Maputo – O Centro para Democracia e Desenvolvimento (CDD) considera que a transferência do Serviço Nacional de Investigação Criminal (SERNIC) da alçada do Ministério do Interior (MINT) para a tutela do Ministério Público (MP) não resolve, por si só, os desafios estruturais enfrentados pelo órgão de investigação criminal. A proposta de lei que prevê a mudança está em debate, mas levanta preocupações quanto à independência real da instituição frente ao poder político.
De acordo com a nova proposta legislativa que revê a Lei n.º 2/2017, de 9 de Janeiro, o SERNIC deverá passar a responder diretamente ao MP, eliminando o regime anterior de dupla subordinação — em que estava sob tutela administrativa do MINT, mas atuava sob orientação do MP nas investigações. A medida pretende reforçar a coerência funcional da estrutura criminal. No entanto, o CDD vê com cautela o impacto efetivo dessa alteração.
"Controle direto do Presidente"
Embora o CDD reconheça que a transferência fortalece a lógica de separação de poderes, aponta que a nomeação do Procurador-Geral da República (PGR) pelo Presidente da República (PR) mantém um canal de influência direta do Executivo sobre o órgão que agora terá controlo sobre o SERNIC. "Não se trata de independência plena, mas de uma mudança de mãos", destaca a organização.
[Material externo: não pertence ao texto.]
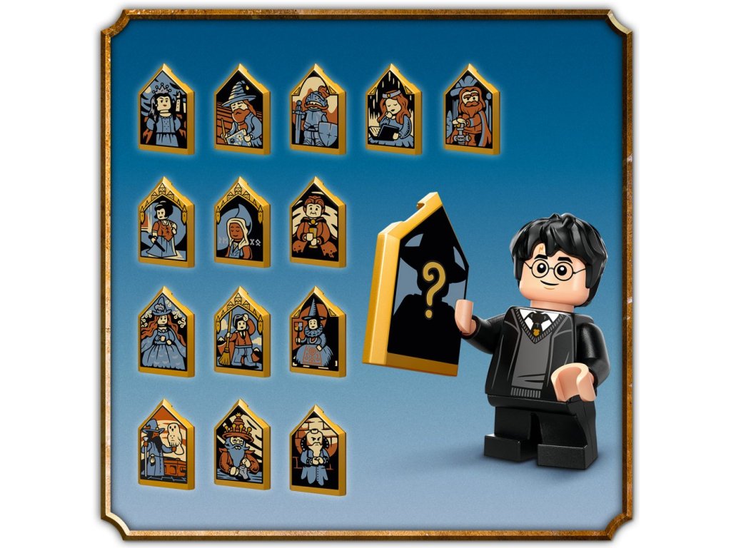 - 1 ze 14 sběratelských bradavických portrétů – Součástí této stavebnice pro děti je zlatý dílek s 1 ze 14 náhodných bradavických portrétů, který si lze vystavit v loděnici

Para o CDD, o cerne da questão está no poder do chefe de Estado em nomear e exonerar o Procurador-Geral, figura chave no funcionamento do SERNIC. A organização alerta que isso pode comprometer investigações sensíveis envolvendo membros do partido no poder, o Frelimo, ou indivíduos ligados ao círculo presidencial.
Corrupção institucionalizada e infiltrações
A crítica não se resume à estrutura de poder. O CDD destaca ainda os riscos de corrupção e infiltração nas instituições do Estado. Durante os últimos anos, tanto a ex-Procuradora-Geral Beatriz Buchili quanto o atual PGR, Américo Letela, apontaram a presença de redes criminosas enraizadas no sistema de justiça, na polícia e em outros setores estratégicos do Estado.
Estudos e denúncias públicas sustentam que o crime organizado, como o tráfico de drogas, só prospera em Moçambique devido à proteção de altos dirigentes políticos e à falta de integridade nas instituições. Nesse contexto, o CDD defende uma reforma mais profunda e transparente, que vá além da reorganização institucional.
Separação de poderes ainda em xeque
A organização sustenta que a verdadeira independência do SERNIC passa não apenas pela sua ligação funcional ao Ministério Público, mas também por uma revisão mais ampla do equilíbrio entre os poderes do Estado. “A separação de poderes continua frágil enquanto o Presidente mantiver o controlo sobre os líderes do poder judicial”, sublinha o CDD.
Enquanto o debate legislativo prossegue no Parlamento, o futuro do SERNIC e sua eficácia no combate à criminalidade continuam envoltos em incertezas. Para o CDD, sem blindagem real contra a corrupção e a interferência política, a mudança de tutela poderá ter efeito meramente simbólico.